DIRECTIONS:
Reproduce word for word every line from the one containing "Pluszowy króliczek wykonany" to the final line of the data below; omit the pictures.

───── PROVIDED ENTRIES ─────

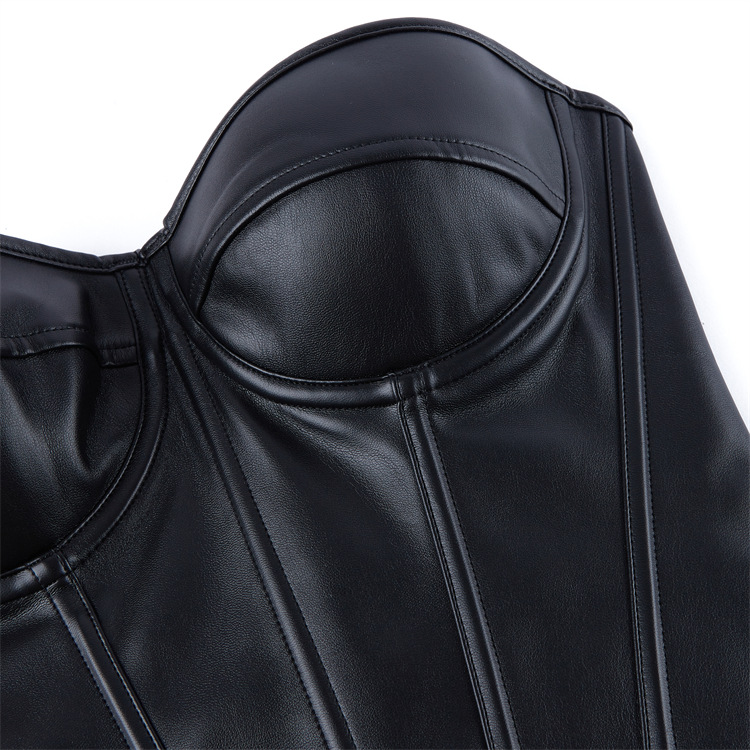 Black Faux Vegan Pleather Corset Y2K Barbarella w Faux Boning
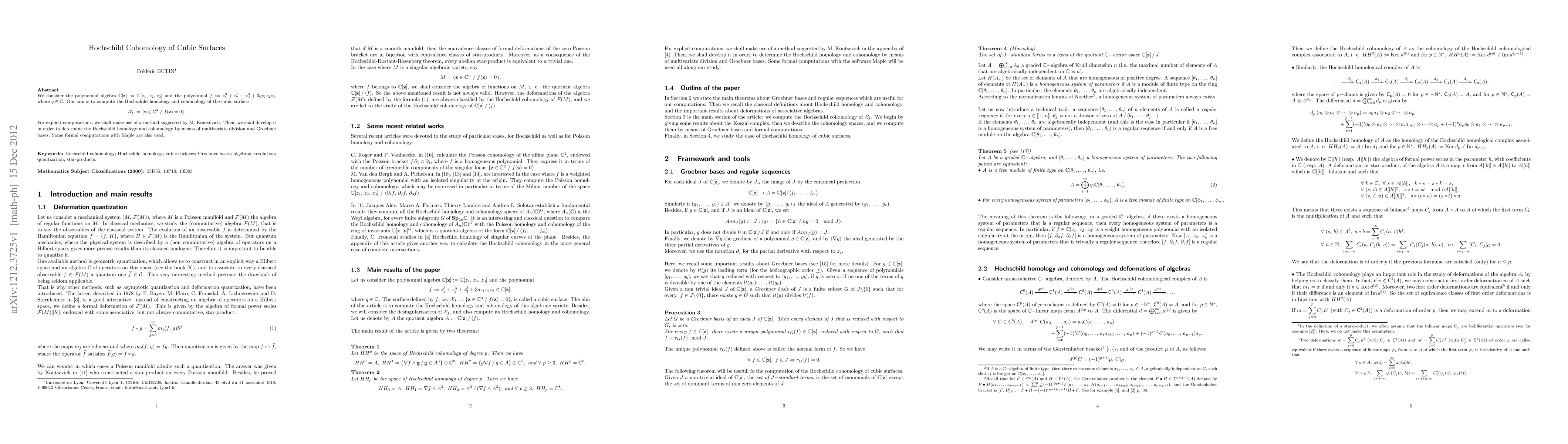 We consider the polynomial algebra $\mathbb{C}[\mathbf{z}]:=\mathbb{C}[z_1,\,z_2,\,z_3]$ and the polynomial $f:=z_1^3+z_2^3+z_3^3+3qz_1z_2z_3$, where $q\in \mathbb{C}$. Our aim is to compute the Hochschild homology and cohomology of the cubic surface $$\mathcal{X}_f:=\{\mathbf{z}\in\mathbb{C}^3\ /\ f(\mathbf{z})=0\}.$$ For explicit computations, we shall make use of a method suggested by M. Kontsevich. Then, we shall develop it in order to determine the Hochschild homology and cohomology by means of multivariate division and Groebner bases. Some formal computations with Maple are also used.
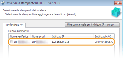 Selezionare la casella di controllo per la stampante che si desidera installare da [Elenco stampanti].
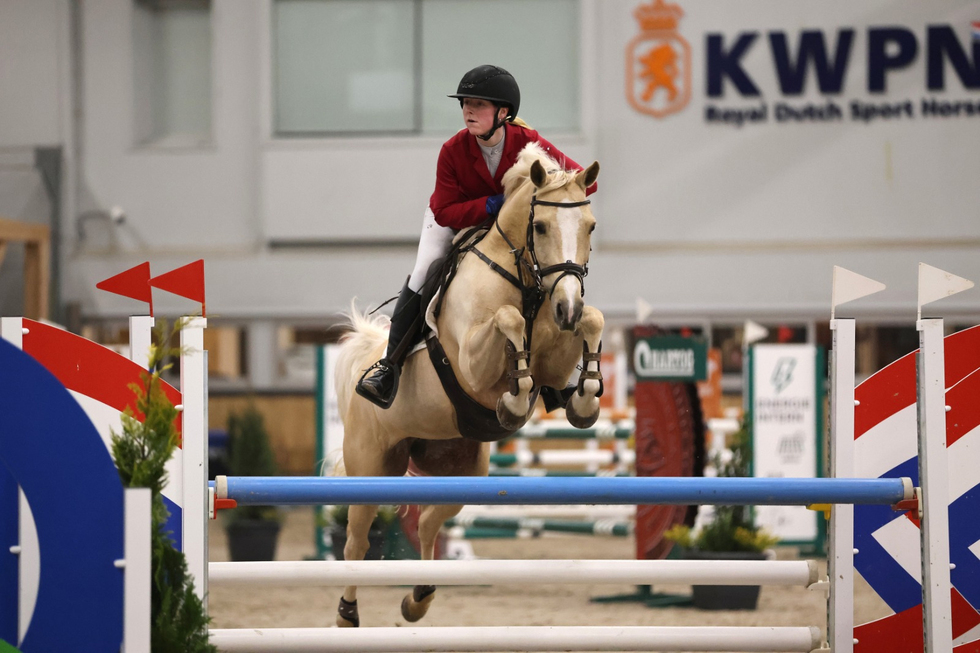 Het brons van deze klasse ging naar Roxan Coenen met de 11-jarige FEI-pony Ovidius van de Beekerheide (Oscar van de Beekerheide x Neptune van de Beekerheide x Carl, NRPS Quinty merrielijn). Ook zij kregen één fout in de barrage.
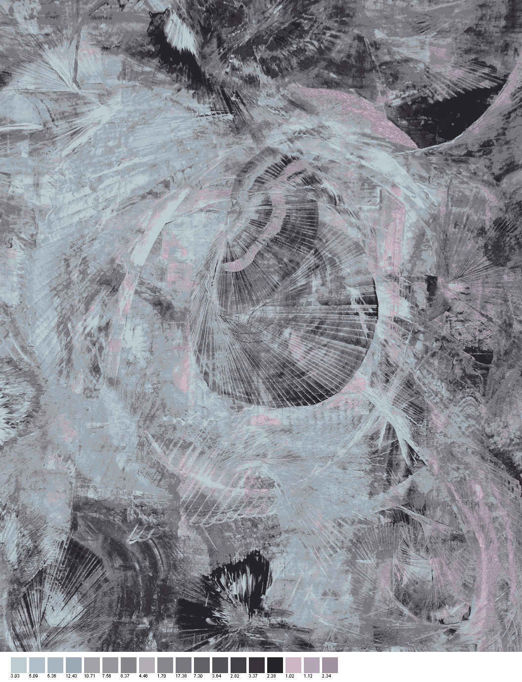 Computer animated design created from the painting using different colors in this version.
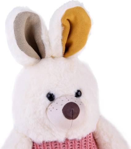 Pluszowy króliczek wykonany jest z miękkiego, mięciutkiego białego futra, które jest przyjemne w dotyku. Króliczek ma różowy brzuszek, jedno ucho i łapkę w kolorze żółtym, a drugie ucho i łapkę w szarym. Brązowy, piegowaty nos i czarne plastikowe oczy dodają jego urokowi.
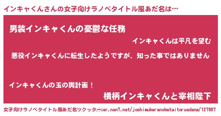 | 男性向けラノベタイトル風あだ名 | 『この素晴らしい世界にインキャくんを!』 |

─────

SOLUTION:
 Pluszowy króliczek wykonany jest z miękkiego, mięciutkiego białego futra, które jest przyjemne w dotyku. Króliczek ma różowy brzuszek, jedno ucho i łapkę w kolorze żółtym, a drugie ucho i łapkę w szarym. Brązowy, piegowaty nos i czarne plastikowe oczy dodają jego urokowi.
 | 男性向けラノベタイトル風あだ名 | 『この素晴らしい世界にインキャくんを!』 |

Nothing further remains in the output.